The other new ventures in the line-up:

  • JV with DFASS tapping on travel retail spend: This venture with Singapore’s Duty Free licensee allows SATS to tap into the growth potential for inflight duty-free and duty-paid sales, mail order service, and ground-based duty free and duty-paid retail sales in Singapore. Importantly, it leverages on SATS’ existing capabilities and assets in providing inflight services that involve bar-cart packing, warehousing and cabin loading, and entails minimum new investments in capex and capabilities.
  • Brahims Airline Catering investment: While this late-2015 investment had a slow start in generating returns given its largest customer, Malaysian Airlines was undergoing financial restructuring, management indicated that the venture has been profitable for the past few quarters and, importantly, the outlook for inflight meal volumes is looking up.
  • SATS Hong Kong: The restructuring of SATS Hong Kong in mid-2017 with the entry of Hong Kong Airlines as a majority strategic shareholder with a 51% stake is a key development towards a turnaround in profitability. The key structural challenge faced by the entity was being the newest entrant at Hong Kong International Airport without an airline affiliation to provide base load volumes, a problem that was effectively addressed by the ownership restructuring last year, in our view. We expect losses to decline and the entity to be profitable in FY20.


Organic drivers at home base:

  • Changi Airport Terminal 4 capacity addition: SATS has already incurred the start-up costs for Terminal 4, which commenced operations in the fourth quarter of 2017. The terminal, which adds around 16m in passenger capacity (Changi Airport’s current total capacity is c82m passengers), will expectedly ramp up its capacity utilisation over the coming couple of years.
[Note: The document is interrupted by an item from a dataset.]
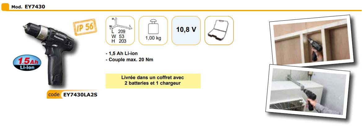Avis sur "Perceuse-visseuse sans fil Li-ion 10,8 V - 1,5 Ah EY7430"
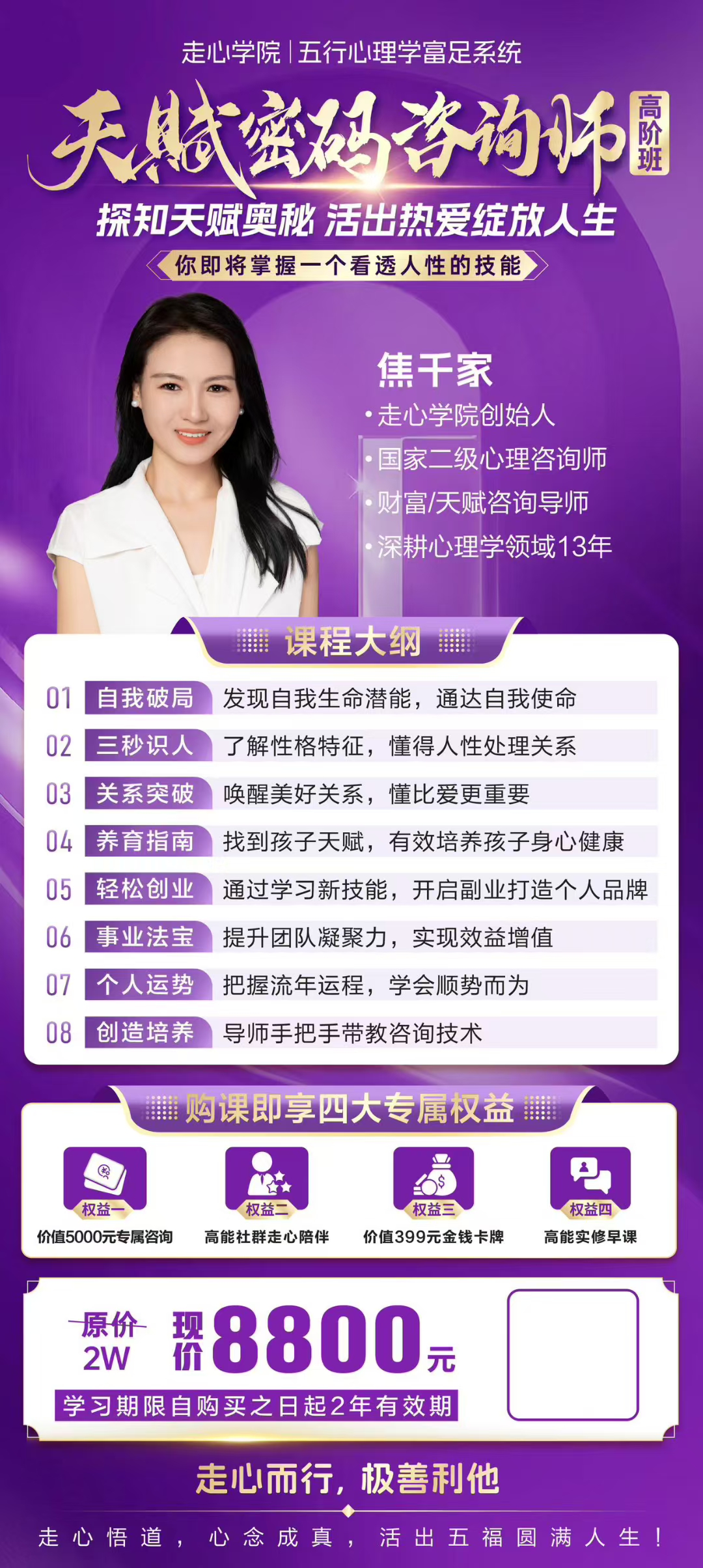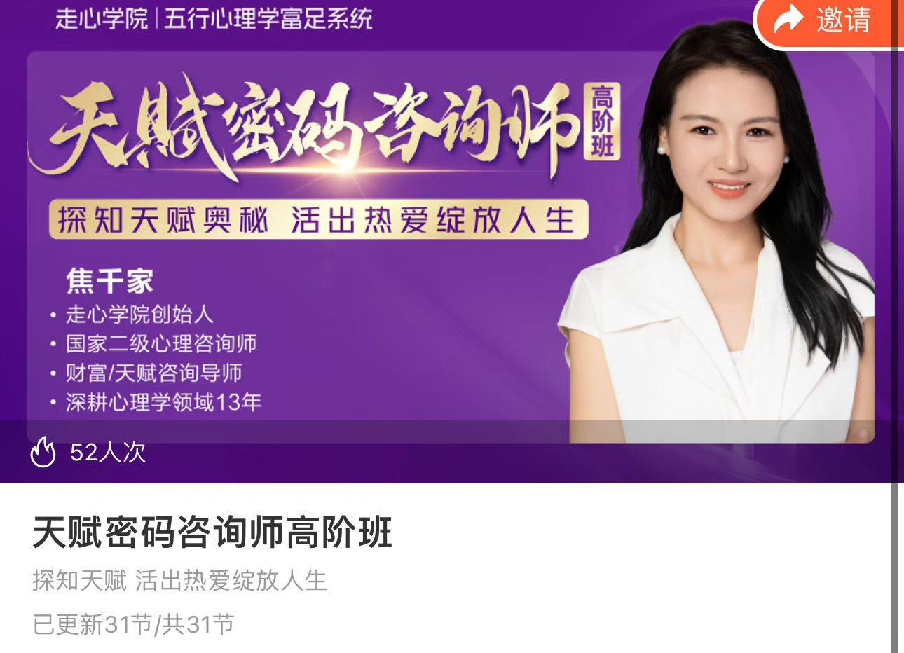 💫走心学院 焦千家老师 天赋密码咨询师高阶班 31节视频课程 全 课程原价8800探知天赋奥秘 活出热爱绽放人生

This should allow SATS to benefit from economies of scale and operating leverage.
  • Qantas moving its connecting hub for UK flights back to Singapore: After a hiatus of five years, Qantas, an existing customer, moved its hub for UK-bound flights back from the Middle East to Singapore starting in Mar-2018. This should be incrementally positive for SATS ground handling and in-flight catering volumes.


Valuation


TP marginally raised to SGD6.15 from SGD6.10

  • We raise our P/E-based target price marginally by c1% to SGD6.15 from SGD6.10 due to the minor changes to earnings forecasts discussed earlier. Our Target Price basis is unchanged at a P/E of 21x FY20 EPS (equal to 1SD over its 5-year mean).
  • We believe the current 1SD premium over the mean will be sustained and justified over the coming 12-18 months due our expectation of higher growth in FY19E-FY21E compared to the past couple of years, driving an ROE expansion of 250-300bps back to pre-GFC levels.
  • On a calandarised basis, SATS trades at a 2018 P/E of 21.8, which is roughly a 15% discount to the Singapore industrials stocks basket and at par with a basket of international airport and aviation services companies.


Key risks

  • The key downside risks to our positive outlook thesis and forecasts are:
    • A material deterioration in airline industry fundamentals that will translate into pricing pressure and increasing competition among the aviation services providers; 
    • Execution and market risk in SATS’ various new ventures and investments. While the progress has been encouraging for a number of these ventures, payback periods are long for most and poor execution could translate to a drag on profits from current businesses;
    • Risks specific to the proposed new venture with THY, which includes:
      1. greenfield execution risk in a new market; and
      2. the outside chance that the venture does not go through at all for whatever reason after the six-month MOU period is over;
    • Market risks for TFK Japan where performance has been disappointing in the past few quarters and the market remains in overcapacity and highly competitive;
    • Currency risk as SATS derives c20% of revenues from overseas markets and this proportion is expected to grow in the coming years. That said, this is predominantly limited to translation risk for SGD group reporting as overseas operating entities’ revenues and costs are largely matched on the functional currencies of the respective entities.